If the money a company owns in capitalism is transferred into Copiosis, the company will more or less be worthless for the owners, because companies can not own NBR. Will a company’s money just be paid out as NBR to the owners/shareholders? How will this be handled?

Yes. Cash and other cash equivalents owned by a company will be distributed to shareholders/owners in a per-share ratio, meaning, the more shares or owner’s equity a particular owner has, the more of the distribution that person will receive.

How will countries handle their national budgets? As I understood this will not be necessary anymore. If the Copiosis Organization manages all payments, governments will loose all their power, how will this be managed?

There will be budgets for those nations still using money. They will have to contend with that on their own. For countries using Copiosis, budgets are irrelevant as there are no costs or revenues to balance or manage.
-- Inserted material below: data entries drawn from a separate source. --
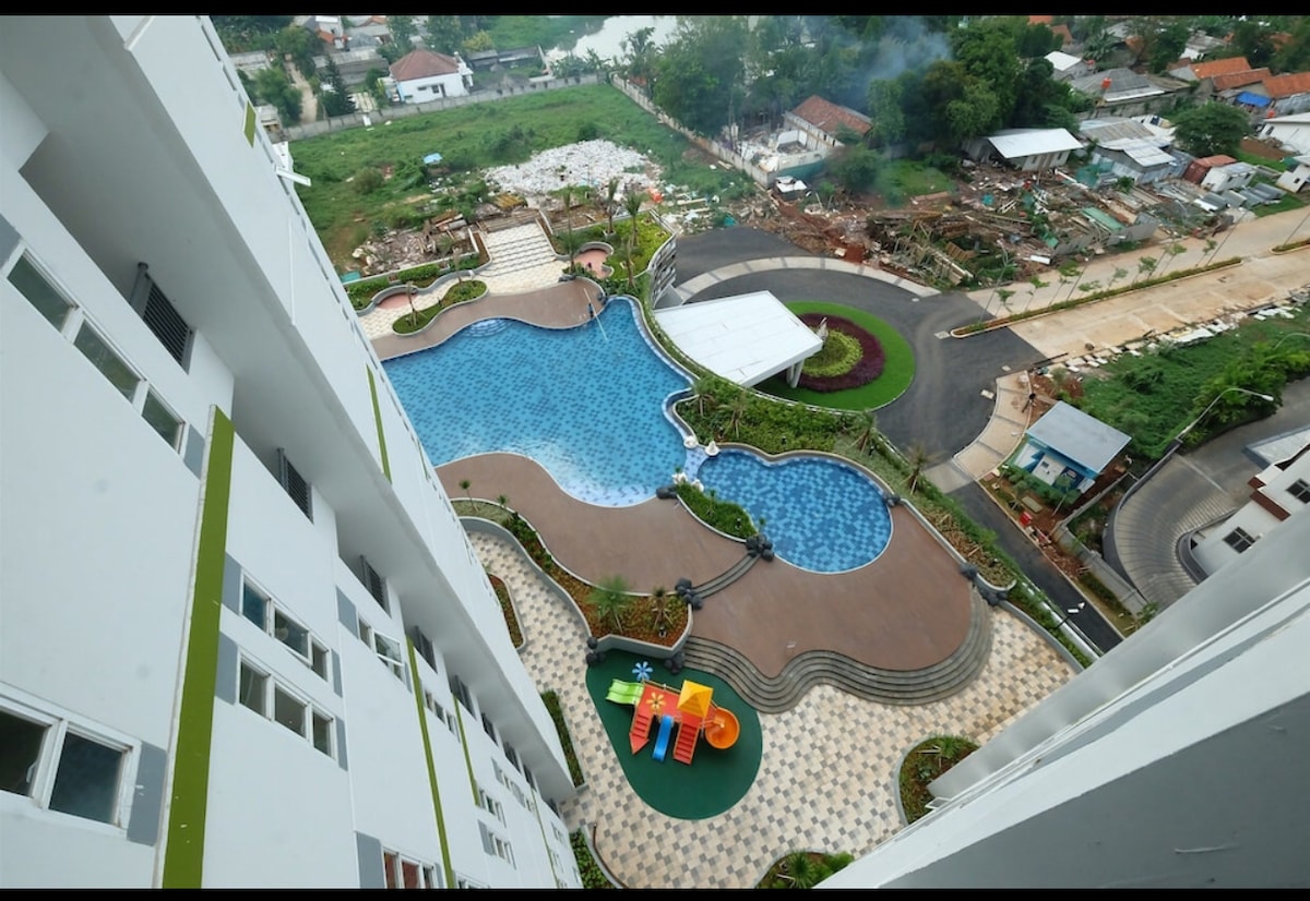 Ovaj pogodno pozicionirani objekat nudi najbolji doživljaj. Ovaj studio se nalazi u Bintaro CBD-u i nudi stratešku lokaciju, pogodnost i zadovoljstvo za život i rad od kuće ili u okolini. Tu su i bazen i teretana. Garsonjera je nova i potpuno namještena. Imamo i Netflix. Zgrada je povezana sa tržnim centrom Transpark Bintaro. Ilegalne aktivnosti kao što su prostitucija, spolna trgovina i trgovina drogom nisu dozvoljene. Pembayaran hanya melalui Airbnb.
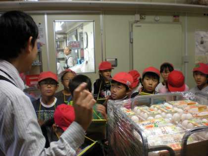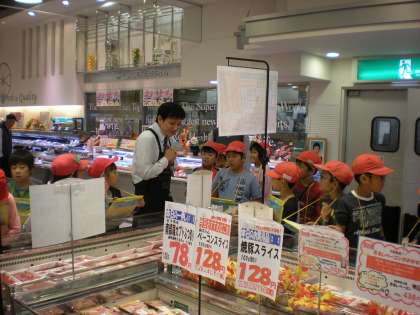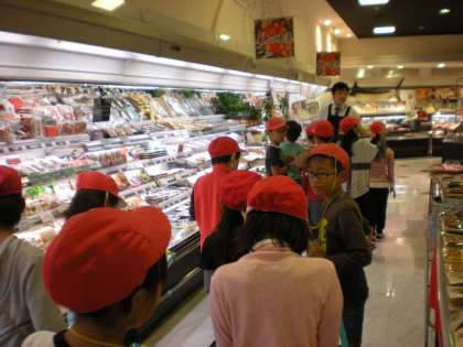 普段は入れないバックヤードにも入れてもらいました。スーパーマーケットの工夫を色々と教えていただきたくさん発見をし、ワークシートにしっかりメモしてきました。帰ってからは、それぞれのスーパーごとに振り返りました。
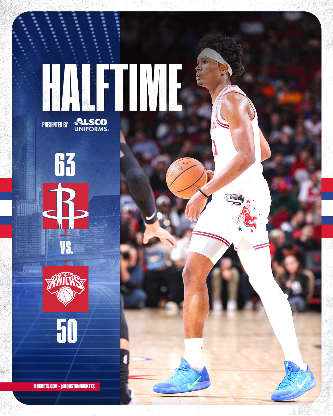 火箭队的杜兰特得到27分、6个篮板和8次助攻,谢泼德得到20分和5个篮板,伊森得到17分和8个篮板,汤普森得到17分、4个篮板和8次助攻,史密斯得到15分和6个篮板,申京得到13分、5个篮板和10次助攻。尼克斯队的唐斯得到22分和8个篮板,哈特得到13分和5个篮板,布伦森14投5中,得到12分、6个篮板和8次助攻,阿尔瓦拉多得到12分,克拉克森得到10分。
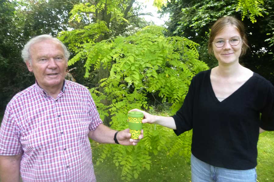 Seit dem 04.06.2021 ist Aloys Suntrup aus Belm das 600. Mitglied der Grünen im Osnabrücker Land. Aus diesem Grund überreichte Geschäftsführerin Luca Wirkus ihm ein kleines Präsent – einen Kaffeebecher. „Normalerweise werden Mitglieder von ihren Ortsverbänden begrüßt, aber zu diesem Anlass sage ich gerne persönlich Hallo“, so Wirkus.
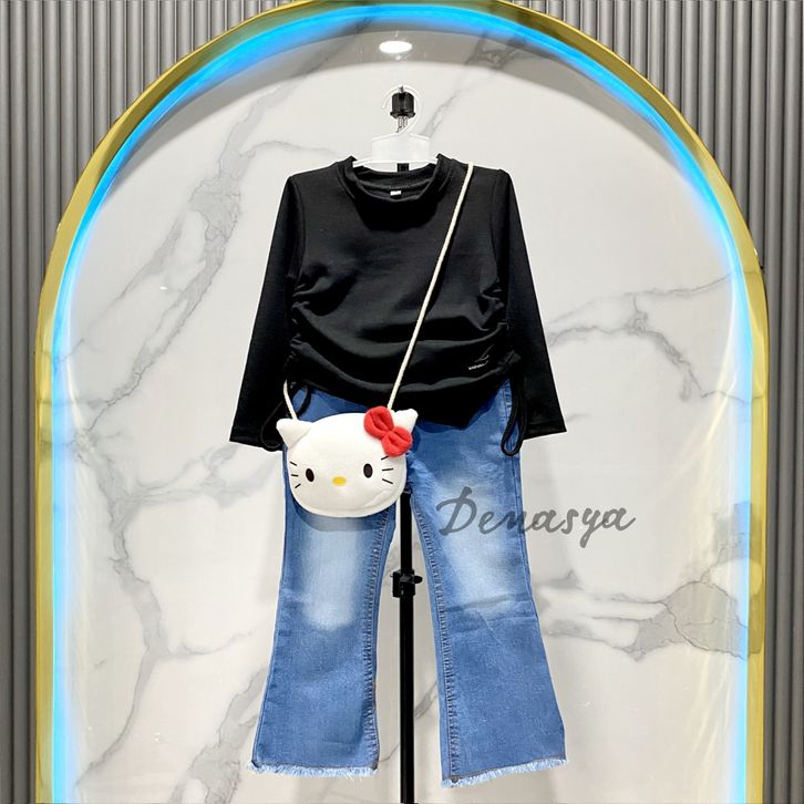 (FREE TAS) Setelan Knit Anak Perempuan / Celana Cutbray Jeans Anak / Atasan Knit Serut Import Terbaru 1-12 Tahun
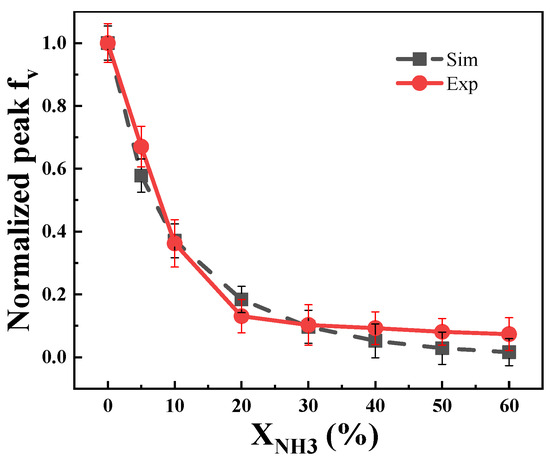 Normalized maximum soot volume fraction by simulation and experiment after ammonia addition.

National debts will have to be negotiated out of existence.

A Copiosis nation could offer its surplus production and trade other products and services in return for settling money-based debt. That’s one idea. We’re sure others will come up with productive alternatives once enough people want Copiosis. We’re confident in humanity.

Government organizations lose all their power. Government employees, from supreme court judges all the way to the office clerk in the General Services Administration, all become individual producers. So the work of these agencies do will likely continue and it will all get better or disappear depending on people’s passions. Free of political meddling and power wrangling, it will be interesting to see how much better such services can get.

Elected officials may have a lot of mental and emotional struggle as they figure out what they will do going forward. But they all must face this point someday when they retire. Most former heads of state, once they are not that anymore, will figure out what to do. If they can do it, all the rest of them can too. These people are all smart, capable leaders. They will not starve, go homeless or anything else. Instead, we expect they will thrive.